All host or domain names are either names relative to the current domain
with no dots inside or absolute names (in this case, NSC automatically
ensures that the trailing dot is present in the resource records). If you
really need a relative name with dots, escape all dots as "\.".

Your menu:

SOA(domain-name)
                Generate a SOA record for the domain. This must be the first
                declaration in the config file. The parameters of the SOA
                are taken from configuration variables (see below). The
                serial number is calculated from the version number remembered
                in the version file, following the usual practice of encoding
                current date and a sequence number within the current day
                in the serial number, which is guaranteed to be strictly
                increasing unless you perform more than 99 updates in a single
                day (in which case NSC stops and tells you to tweak the serial
                number manually).

                The SOA record otherwise acts like a sub-domain (D) declaration,
                therefore it can be followed by other records like NS (mandatory)
                or MX.

H(host)
                Start declaration of a host. Doesn't generate anything, only
                remembers the host's name.

ADDR(addr...)
                Specify addresses for the current host. In the normal mode, it
                creates A/AAAA records, in the reverse mode, PTR records.

H(host, addr...)
                A shortcut for H(host) ADDR(addr...) -- in many cases everything
                you need for a single host.

DADDR(addr...)
                Like ADDR, but suppresses PTR records. (This one is useful if you
                have a single IP address used for zillions of names and you want
                to avoid having zillions of PTR records for the same address.)

DH(host, addr...)
                A shortcut for H(host) DADDR(addr...)

D(domain)
                Start declaration of a sub-domain. Technically the same as H(domain),
                but this one should be more intuitive.

GLUE(ns, addr...)
                Specify a glue record for a name server contained within a sub-domain
                it's a primary for. Currently it's an equivalent of DH(ns, addr...).

NS(ns...)
                Specify a list of name server names for the current domain
                (started by either a SOA or D declaration). Generates NS records.

DS()
DS(dsset)
                Include DS records for the current sub-domain. With no arguments,
                they are loaded from dss/<sub-domain>. If the name of the sub-domain
                does not match the name of the DSset (as it frequently happens with
                reverse zones), you can specify the DSset name explicitly.

MX(mx...)
                Specify a list of mail exchangers for the current host or domain.
                Each mail exchanger should be preceded by a priority. Generates
                MX records.

HI(hw,os)
                Specify a HINFO record for the current host. Very rare in the
                today's Internet.

ALIAS(alias...)
                Specify a list of aliases for the current host or domain.
                Generates a series of CNAME records pointing from the aliases
                to the current host/domain.

TXT(text)
                Specify a TXT record for the current host or domain.

RP(mail, txt)
                Specify a RP (responsible person) record for the current host or domain.
                The first argument is a mail address in DNS notation (with `@' replaced
                by `.' as in the SOA record), the second one is a name of a TXT record
                with contact information.

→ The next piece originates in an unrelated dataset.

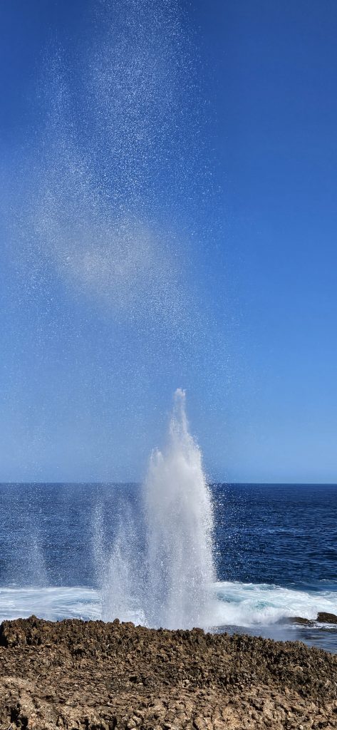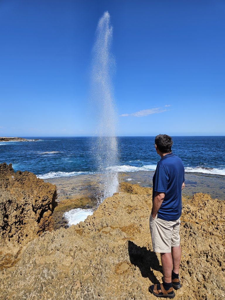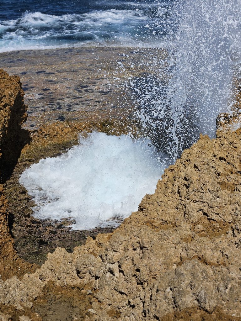 Auf dem Weg dahin werden wir auf ein kleines Schild aufmerksam, Quobba Blow Holes. Das müssen wir uns anschauen.

SRV(service, protocol, priority, weight, port, target)
                Specify a SRV (service) record for the current host or domain.

CNAME(src, dest)
                Generate a CNAME record -- "src" points to "dest".

PTR(src, dest)
                Generate a PTR record -- "src" points to "dest". It's a common
                record in reverse zones (and although it's legal in forward
                zones as well, such use is very rare), however it's more convenient
                to have your PTR's generated by the REVERSE directive. But if you
                need anything special, here is the tool.

REVBLOCK(subdomain, min, max)
                Generate a series of CNAME records numbered from `min' to `max'
                and pointing to the same name in the given sub-domain, finally
                declaring the sub-domain as well, so you can continue with its
                NS records.

                Example: REVBLOCK(a, 16, 18) NS(ns.xyzzy.org) yields

                        16      CNAME   16.a
                        17      CNAME   17.a
                        18      CNAME   18.a
                        a       NS      ns.xyzzy.org.

                This is a very common construct for classless reverse delegations,
                see Section 6 for more details.

REVERSE(network)
                Switch to reverse mode. From this point on, all output is suppressed
                except for ADDR declarations belonging to the specified network which
                are automatically converted to PTR records.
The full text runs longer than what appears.